◆ **RECORDS FOR THIS EXERCISE**:
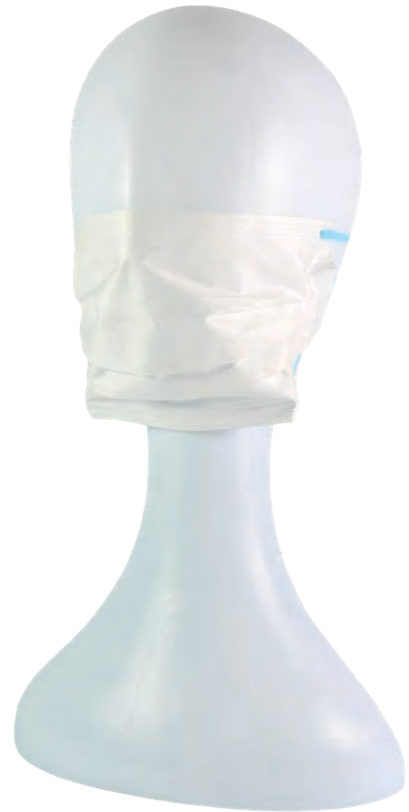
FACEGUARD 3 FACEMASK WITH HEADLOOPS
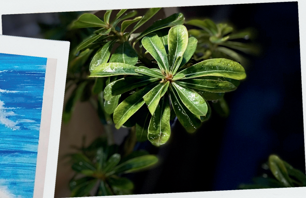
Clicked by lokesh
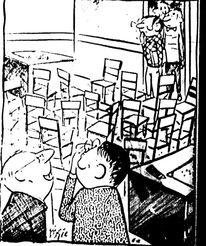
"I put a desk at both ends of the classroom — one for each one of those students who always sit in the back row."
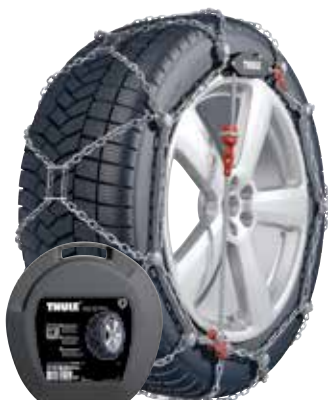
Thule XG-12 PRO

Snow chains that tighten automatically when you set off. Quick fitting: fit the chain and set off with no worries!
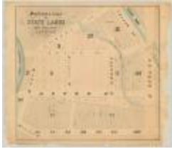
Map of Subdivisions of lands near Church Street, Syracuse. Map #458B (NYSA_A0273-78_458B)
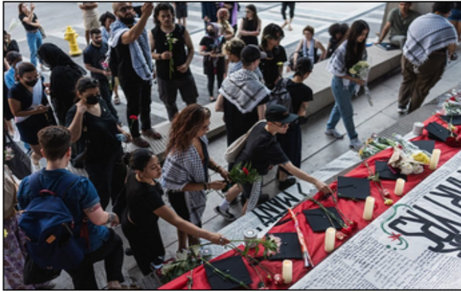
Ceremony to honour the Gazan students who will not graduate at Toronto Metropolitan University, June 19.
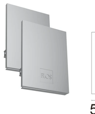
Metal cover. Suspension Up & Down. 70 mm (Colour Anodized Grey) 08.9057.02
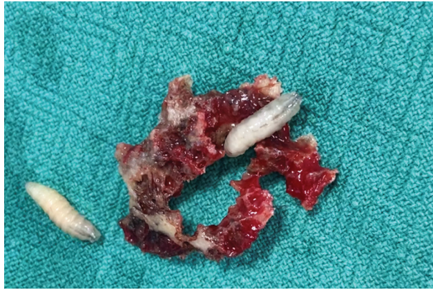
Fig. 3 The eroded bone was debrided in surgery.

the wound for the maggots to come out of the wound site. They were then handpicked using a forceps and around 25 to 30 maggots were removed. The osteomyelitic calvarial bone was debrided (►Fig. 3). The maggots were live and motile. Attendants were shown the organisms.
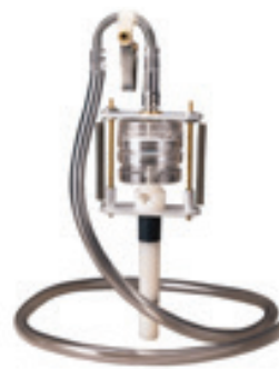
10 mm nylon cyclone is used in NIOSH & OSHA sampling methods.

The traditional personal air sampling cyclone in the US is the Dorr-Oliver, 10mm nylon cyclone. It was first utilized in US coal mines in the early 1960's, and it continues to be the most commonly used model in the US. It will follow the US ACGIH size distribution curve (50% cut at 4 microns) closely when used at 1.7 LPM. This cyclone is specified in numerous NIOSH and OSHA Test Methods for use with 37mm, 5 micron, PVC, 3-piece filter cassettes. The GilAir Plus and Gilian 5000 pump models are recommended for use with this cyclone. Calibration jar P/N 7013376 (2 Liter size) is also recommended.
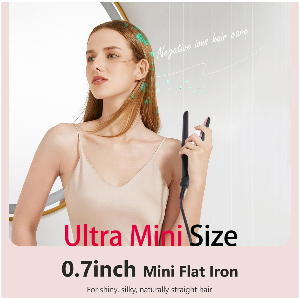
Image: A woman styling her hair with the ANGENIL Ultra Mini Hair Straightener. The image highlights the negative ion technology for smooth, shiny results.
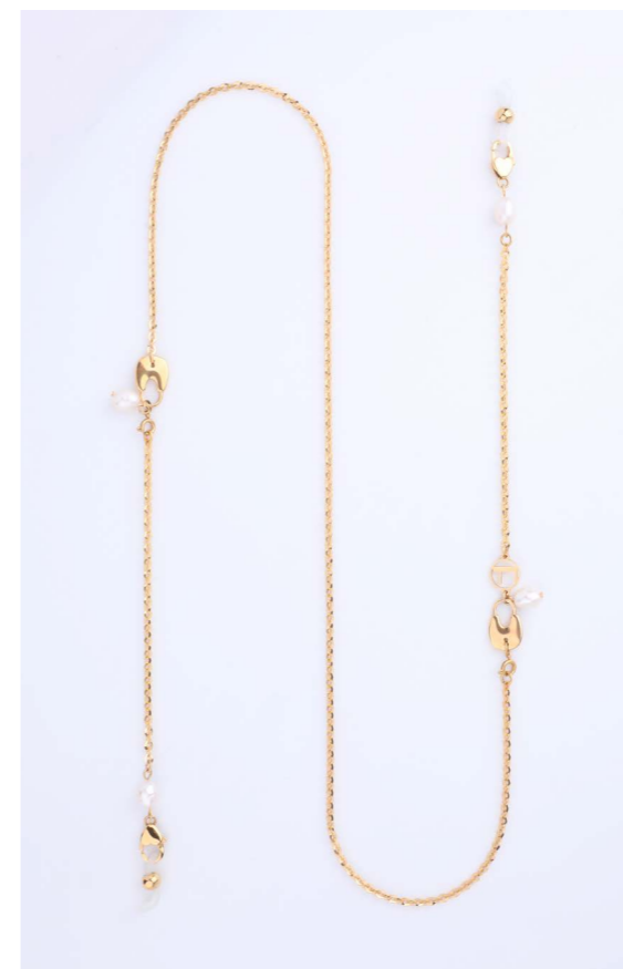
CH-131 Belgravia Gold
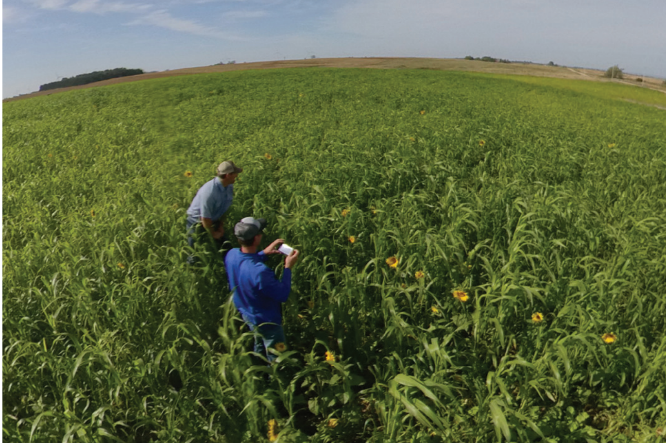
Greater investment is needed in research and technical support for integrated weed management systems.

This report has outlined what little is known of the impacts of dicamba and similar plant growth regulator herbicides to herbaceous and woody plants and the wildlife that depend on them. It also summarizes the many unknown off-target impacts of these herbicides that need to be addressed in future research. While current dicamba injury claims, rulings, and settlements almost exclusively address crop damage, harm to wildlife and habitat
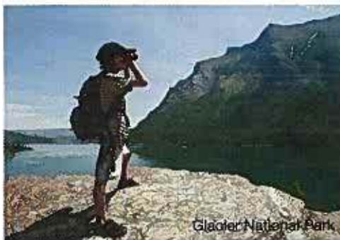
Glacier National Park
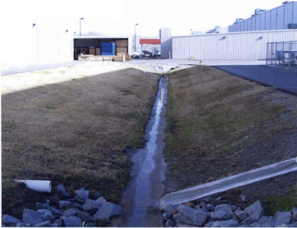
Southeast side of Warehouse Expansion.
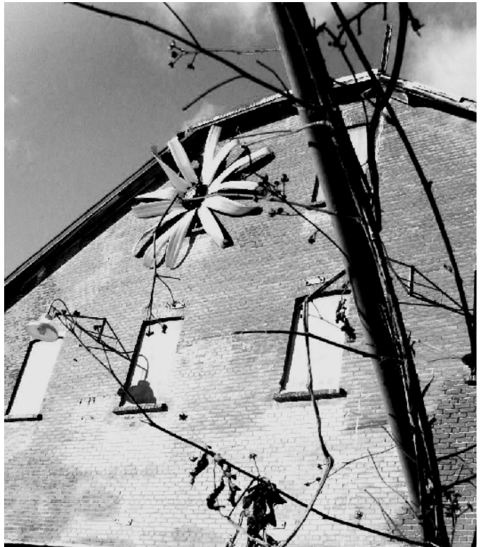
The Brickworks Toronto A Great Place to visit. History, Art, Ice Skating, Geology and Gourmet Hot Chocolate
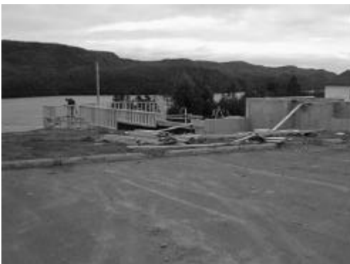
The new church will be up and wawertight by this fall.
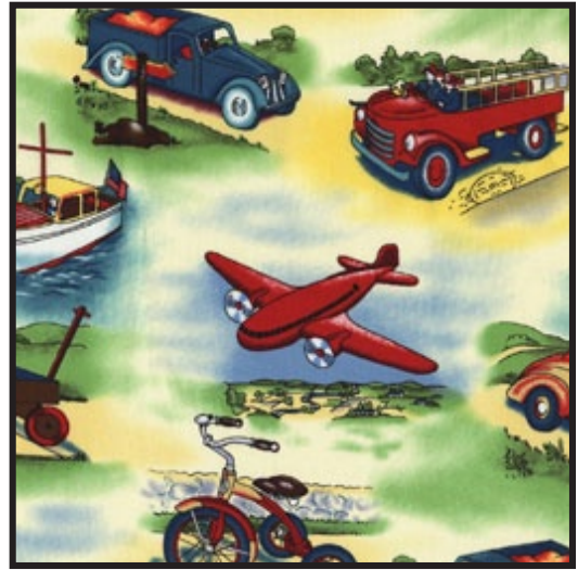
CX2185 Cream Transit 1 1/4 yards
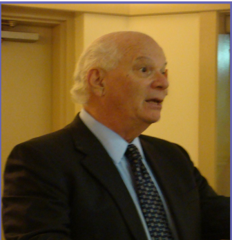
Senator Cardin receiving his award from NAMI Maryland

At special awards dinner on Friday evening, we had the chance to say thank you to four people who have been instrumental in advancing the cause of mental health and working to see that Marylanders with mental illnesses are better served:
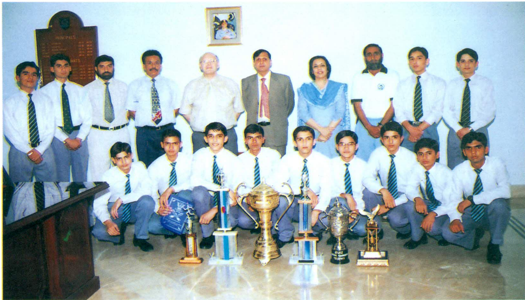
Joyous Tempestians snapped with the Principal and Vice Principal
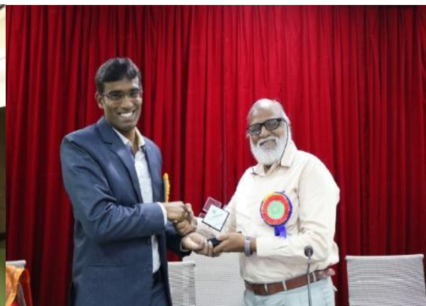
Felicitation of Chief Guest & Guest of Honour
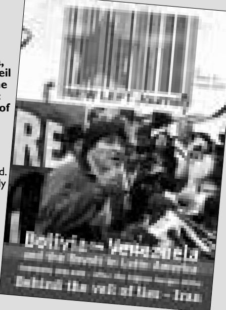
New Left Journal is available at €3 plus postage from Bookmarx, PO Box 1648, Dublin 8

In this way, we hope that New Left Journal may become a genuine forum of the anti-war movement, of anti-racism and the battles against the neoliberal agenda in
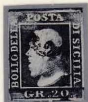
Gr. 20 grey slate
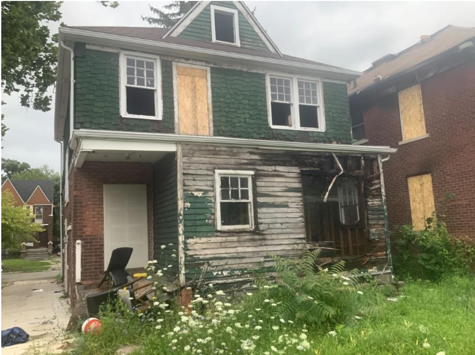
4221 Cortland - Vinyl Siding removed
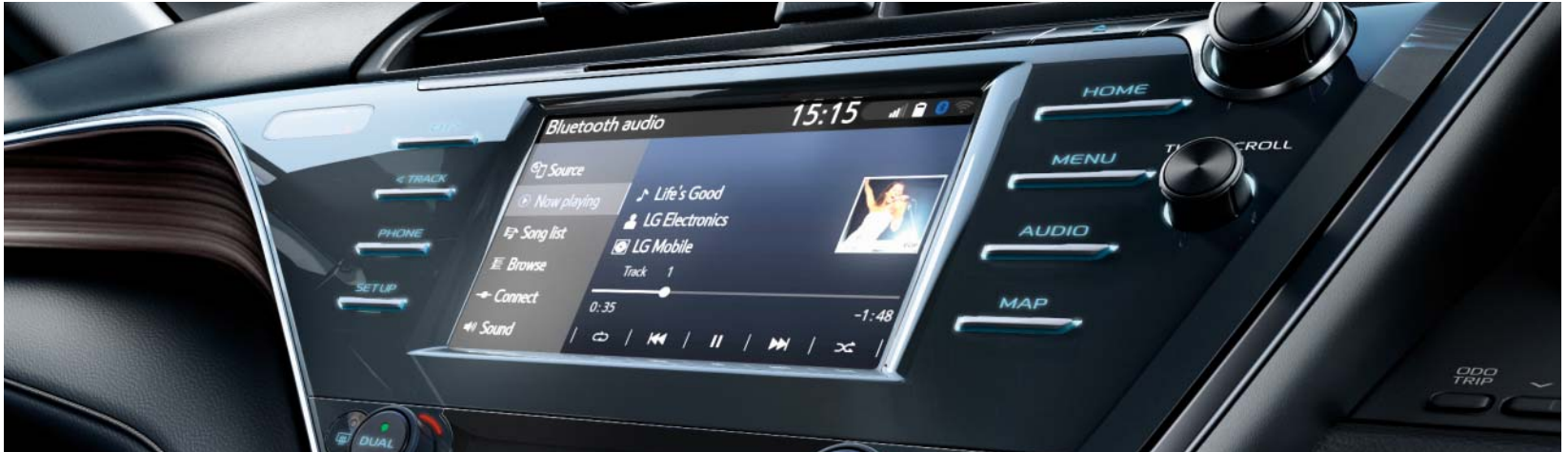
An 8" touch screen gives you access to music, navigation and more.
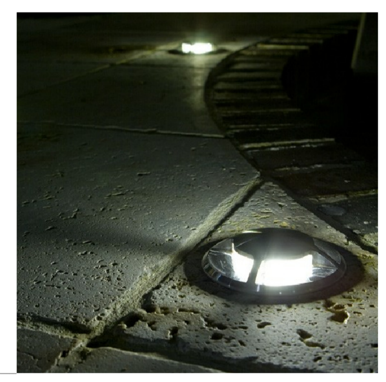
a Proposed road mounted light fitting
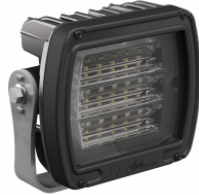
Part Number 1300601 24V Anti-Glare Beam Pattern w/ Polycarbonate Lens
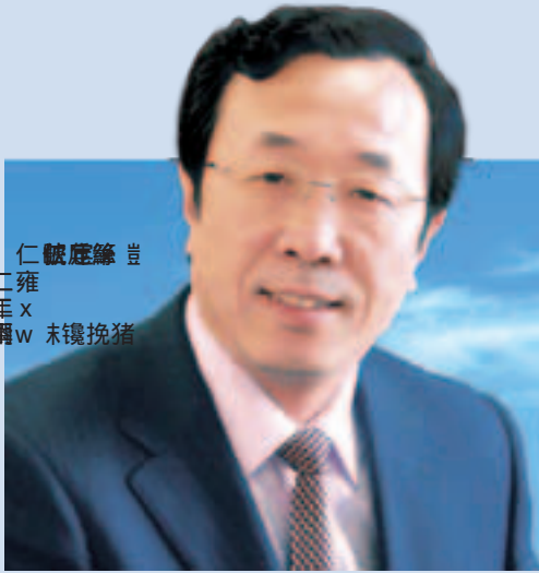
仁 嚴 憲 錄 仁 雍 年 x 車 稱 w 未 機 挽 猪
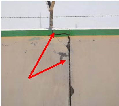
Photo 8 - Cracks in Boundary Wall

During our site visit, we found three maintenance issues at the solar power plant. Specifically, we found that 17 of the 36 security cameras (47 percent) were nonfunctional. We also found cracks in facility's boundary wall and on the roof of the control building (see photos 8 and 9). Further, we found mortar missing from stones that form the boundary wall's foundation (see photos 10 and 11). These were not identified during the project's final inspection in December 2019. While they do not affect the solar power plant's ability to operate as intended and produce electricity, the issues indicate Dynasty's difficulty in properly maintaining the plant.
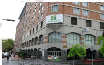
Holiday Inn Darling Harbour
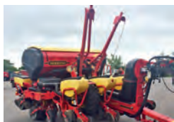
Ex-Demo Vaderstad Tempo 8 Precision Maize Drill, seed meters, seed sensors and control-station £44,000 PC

◆ **WHAT IS REQUIRED**: From the lines above, copy those that contain the word "bone".

◆ **EXPECTED ANSWER**:
Fig. 3 The eroded bone was debrided in surgery.
the wound for the maggots to come out of the wound site. They were then handpicked using a forceps and around 25 to 30 maggots were removed. The osteomyelitic calvarial bone was debrided (►Fig. 3). The maggots were live and motile. Attendants were shown the organisms.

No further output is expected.